We flew these unarmed planes in and out of Germany alongside our bombers and basically built up the “radar order of battle.” We now understood where the German radars were, their technical details and what weapons they controlled.

Tin Foil Rain – Chaff
We first decided to shut down the German radars that were directing the anti-aircraft guns and the fighter planes. And to do that we dropped tin foil on the Germans. No kidding. Radar engineers had observed if you cut a strip of aluminum foil to 1/2 the wavelength of a radar transmitter and throw it in front of the radars antenna, the radar signal would reflect perfectly. All the radar operator would see was noise, rather than airplanes. 

Well, you couldn’t stand in front of the German radars and throw out tin foil, but you could if you had a fleet of airplanes.

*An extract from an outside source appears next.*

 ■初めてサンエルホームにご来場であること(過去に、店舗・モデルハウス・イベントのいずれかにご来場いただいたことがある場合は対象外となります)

Each plane threw out packets of aluminum foil (called “chaff”.) The raid on Hamburg in July, 1943 was the first use of chaff in World War II.  It completely shut down the German air defense system in and around Hamburg.  The British and then the Americans firebombed the city with minimal air losses.

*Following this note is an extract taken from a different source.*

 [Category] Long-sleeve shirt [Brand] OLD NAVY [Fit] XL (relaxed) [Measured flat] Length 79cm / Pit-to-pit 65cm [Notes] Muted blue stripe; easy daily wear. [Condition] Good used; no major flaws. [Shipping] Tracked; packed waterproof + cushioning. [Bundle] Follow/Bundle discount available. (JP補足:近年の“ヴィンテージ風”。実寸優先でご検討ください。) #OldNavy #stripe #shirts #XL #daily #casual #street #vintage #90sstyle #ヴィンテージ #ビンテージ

Chaff used 3/4’s of all the aluminum foil in the U.S. in World War II, because by the end of the war, every bomber stream was dumping chaff on every mission.

Jam It and Shut it Down – Electronic Warfare
But this secret lab was focused on electronic warfare. So they systematically designed electronic devices called “jammers” to shut down each part of the German air defense system.  Think of a “jammer” as a radio transmitter broadcasting noise on the same frequency of the enemy radar set. The goal is to overwhelm the enemy radar with noise so they couldn’t see the bombers. We built electronic jammers to target each part of the German air defense system: their early warning radars, the short range radars, the antiaircraft gun radars, the Ground Control Intercept Radars, the air to ground radio links and even the radars onboard the German night fighters. By the end of the war we had put multiple jammers on every one of our bombers, and while their power output was ridiculously low, these jammers were flying in formation with 100’s or even 1,000 other planes with their jammers on, and the combined power was enough to confuse the radar operators.

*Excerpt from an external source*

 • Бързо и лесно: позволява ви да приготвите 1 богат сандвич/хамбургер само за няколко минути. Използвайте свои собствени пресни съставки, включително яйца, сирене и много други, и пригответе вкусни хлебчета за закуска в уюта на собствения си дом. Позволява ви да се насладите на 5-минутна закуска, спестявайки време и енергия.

Just to give you a sense of scale of how big this electronic warfare effort was, we built over 30,000 jammers, with entire factories running 24/7 in the U.S. making nothing but jammers to put on our bombers.

By the end of World War II, over Europe, a bomber stream no longer consisted of just planes with bombs.  Now the bombers were accompanied by electronics intelligence planes looking for new radar signals, escort bombers just full of jammers and others full of chaff, as well as P-51 fighter planes patrolling alongside our bomber stream.


Every WWII Movie and Book with a Bomber was Wrong
While there were lots of stories about how the British early warning radar system, called “Chain Home” saved England during the Battle of Britain by giving the Spitfire pilots time to scramble to intercept German bombers, there wasn’t a coherent story about American and British bombers encountering the German radar-guided air defense system. (The best book on the subject is the Nuremberg Raid.)

This lack of information meant that every World War II movie or book that had airplanes on bombing missions in it was wrong.  Every one of them. (To someone who had grown up with reruns of WWII war movies on TV, this was a shock.) Every movie I had seen – 12 O’clock High, Memphis Belle, etc. –  assumed that there were no electronics other than radios on these bombers. Wrong. Not only didn’t the movie makers know, but the pilots and crews didn’t know about the German radar guided system trying to kill them. Nor did they know about the electronic shield being assembled to try to protect them.

But while this may be a great story what the does this have to do with the history of Silicon Valley?

The answer lies with who ran this lab and became the father of electronic warfare and Electronic Intelligence in the Cold War for the next 20 years.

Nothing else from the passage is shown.